** What to work on **
Go to the line containing "Σακάκι με πέτο" in the material below. From there to the end, retype every line exactly and drop the pictures.

** Given data **
--------------------------------

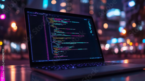 Wall mural this illustration showcases a laptop computer with lines of code displayed on the screen, representi - Wall murals Wall mural this illustration showcases a laptop computer with lines of code displayed on the screen, representi - Wall murals
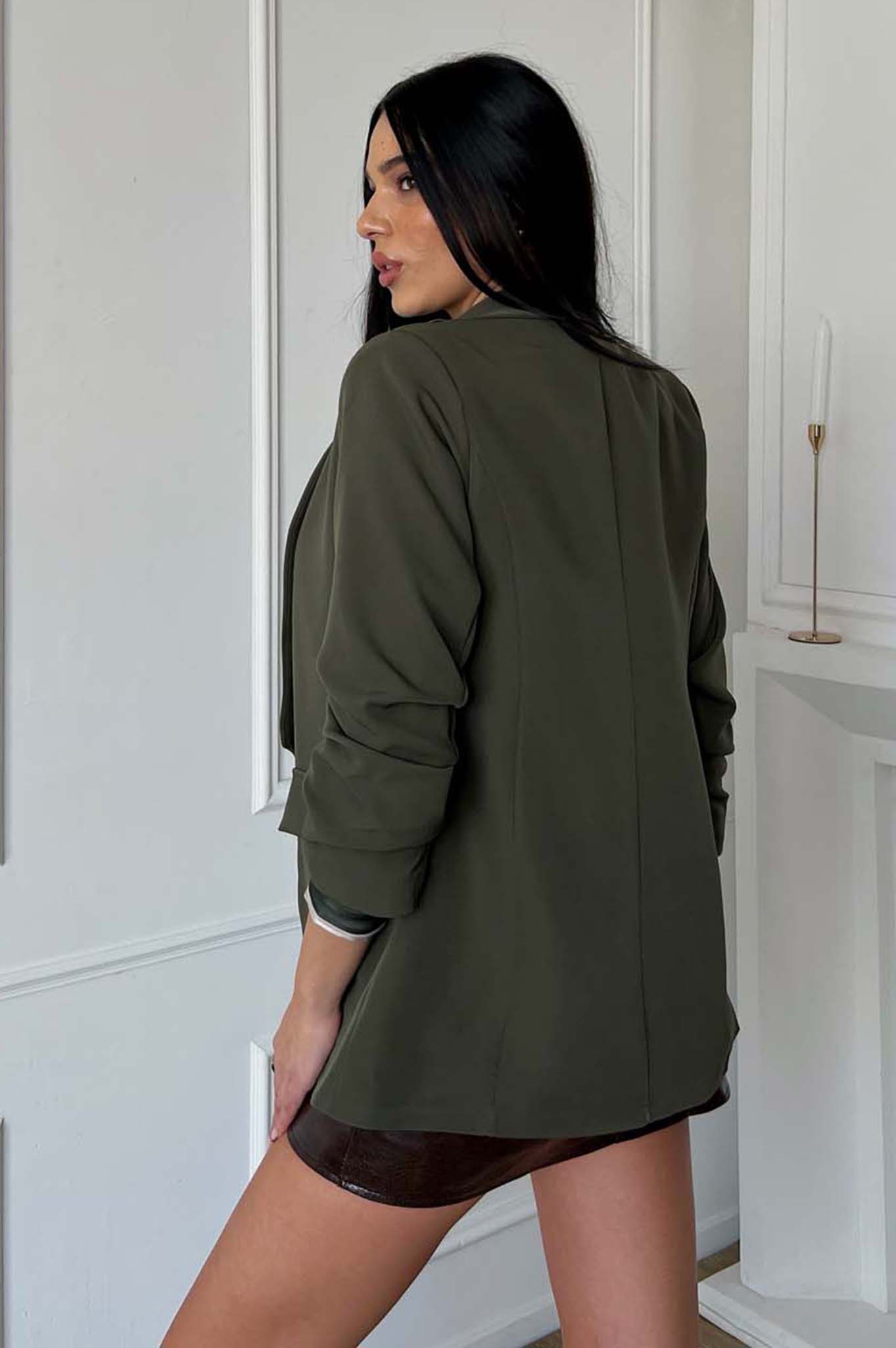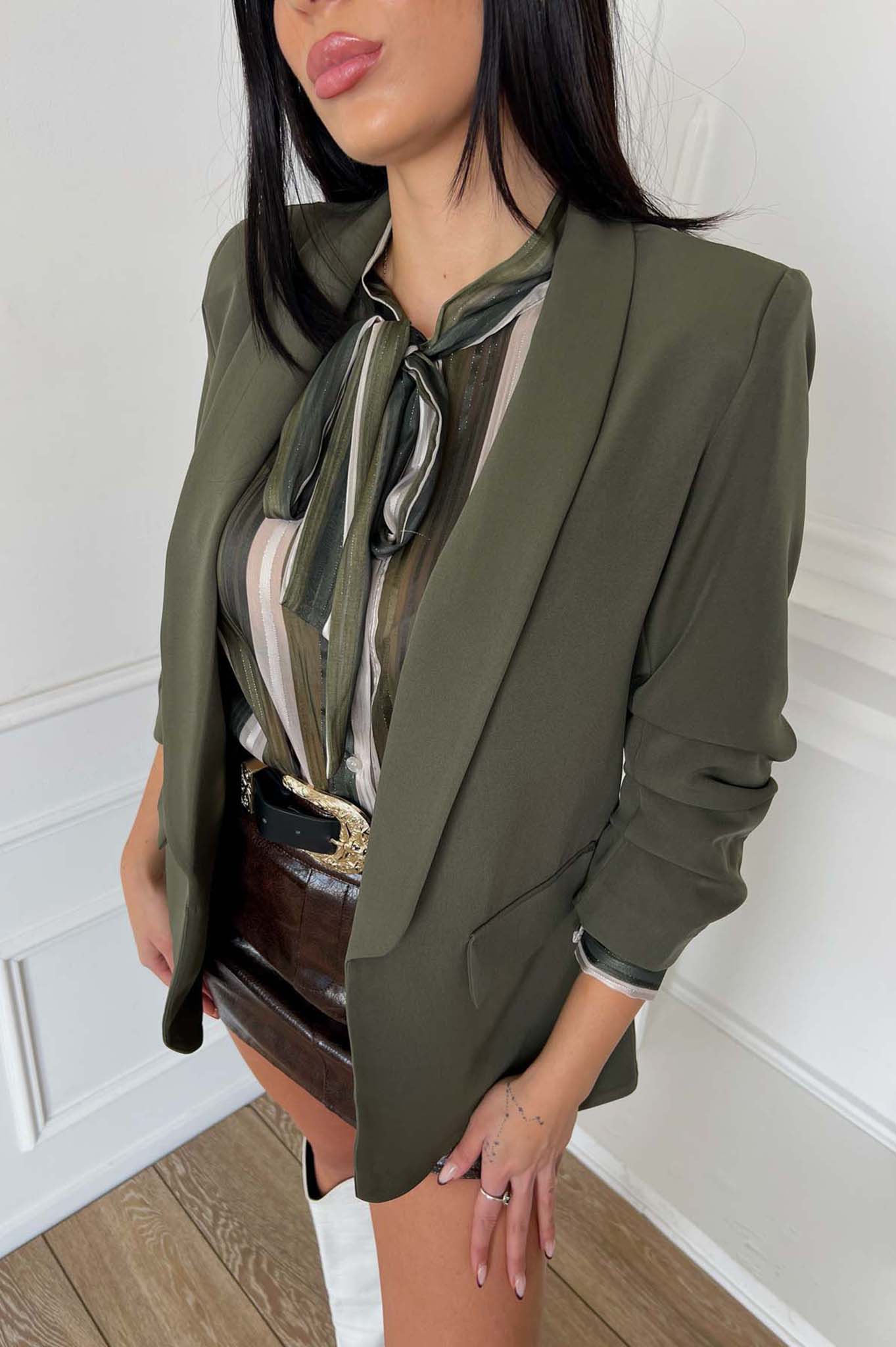 Σακάκι με πέτο και σούρα στα μανίκια. Μήκος 73cm στήθος 56cm
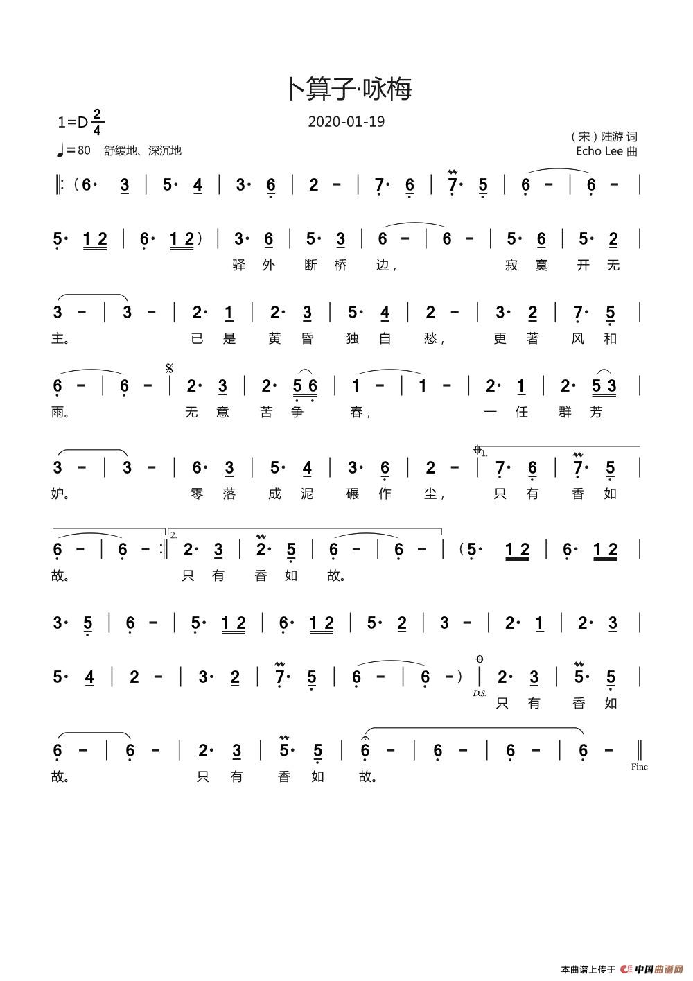 作词:(宋)陆游   作曲:Echo Lee   来源:谱友一门502上传   上传:一门502   日期:2020-01-20   浏览次数:
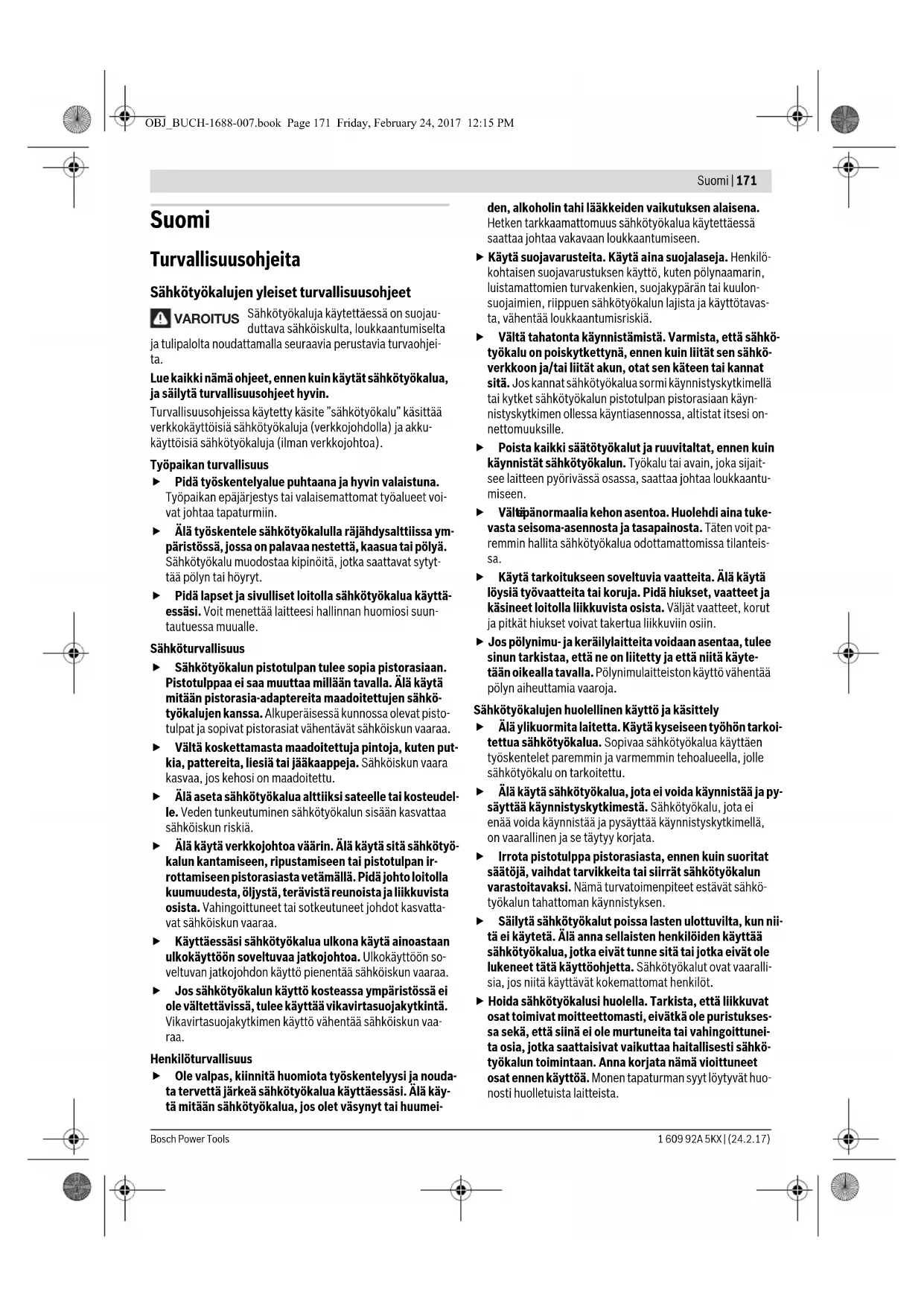 lukeneet tätä käyttöohjetta. Sähkötyökalut ovat vaaralli-

--------------------------------

** Exercise answer **
 Σακάκι με πέτο και σούρα στα μανίκια. Μήκος 73cm στήθος 56cm
 作词:(宋)陆游   作曲:Echo Lee   来源:谱友一门502上传   上传:一门502   日期:2020-01-20   浏览次数:
 lukeneet tätä käyttöohjetta. Sähkötyökalut ovat vaaralli-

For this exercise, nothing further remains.